# Will I still be able to work my two weeks?



## Lol (Aug 10, 2020)

I accidentally put today’s date as my “proposed termination date”, will I still be able to work my 2 weeks or not? My ETL has not replied to my email. I don’t know if I should go in to work tomorrow or not? Help!


----------



## Captain Orca (Aug 10, 2020)

Of course go in and explain the error.  Do your 2 weeks to the best of your ability and leave on good terms.  You're young and learning the ropes of life.


----------



## Lol (Aug 10, 2020)

Captain Orca said:


> Of course go in and explain the error.  Do your 2 weeks to the best of your ability and leave on good terms.  You're young and learning the ropes of life.

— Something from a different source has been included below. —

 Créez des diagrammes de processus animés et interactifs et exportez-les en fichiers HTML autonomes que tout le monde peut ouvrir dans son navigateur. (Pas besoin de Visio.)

Will I have problems clocking in though? That’s one of my worries


----------



## Hardlinesmaster (Aug 10, 2020)

Lol said:


> I accidentally put today’s date as my “proposed termination date”, will I still be able to work my 2 weeks or not? My ETL has not replied to my email. I don’t know if I should go in to work tomorrow or not? Help!

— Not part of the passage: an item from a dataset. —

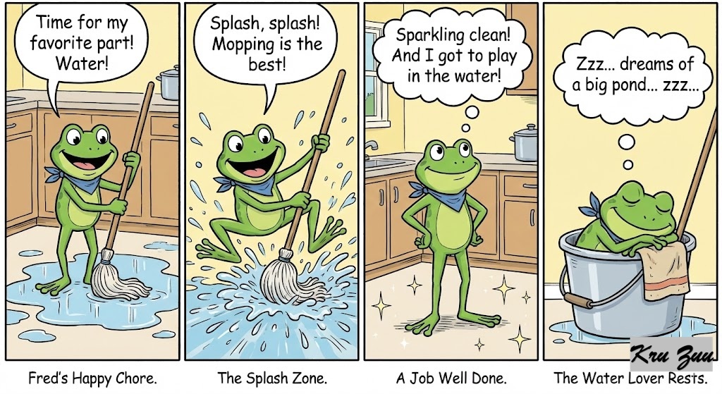 Fred: Mopped the floor with water (he loves water).

So, did you answer these questions?
How to quit on workday:
Go on Workday.
Go to your profile.
Go to the 3 dots in the upper right corner.
Click "job change"
Click "resign"


----------



## Captain Orca (Aug 10, 2020)

If you can't punch in go find someone to help you.  If there is a TM @ TSC he or she will help you out.  Don't sweat the small stuff!


----------



## redeye58 (Aug 10, 2020)

Contact your ETL/TL or HR ASAP to let them know of your error so they don't key your termination in right away.
Let them know you meant to give two weeks & they should be able to fix it.
Once you've spoken with them, any time clock issues would be overridden.


----------



## Tarshitsucks (Aug 10, 2020)

The sooner you fix it the better. Also good luck on whatever you might be doing in the future.


----------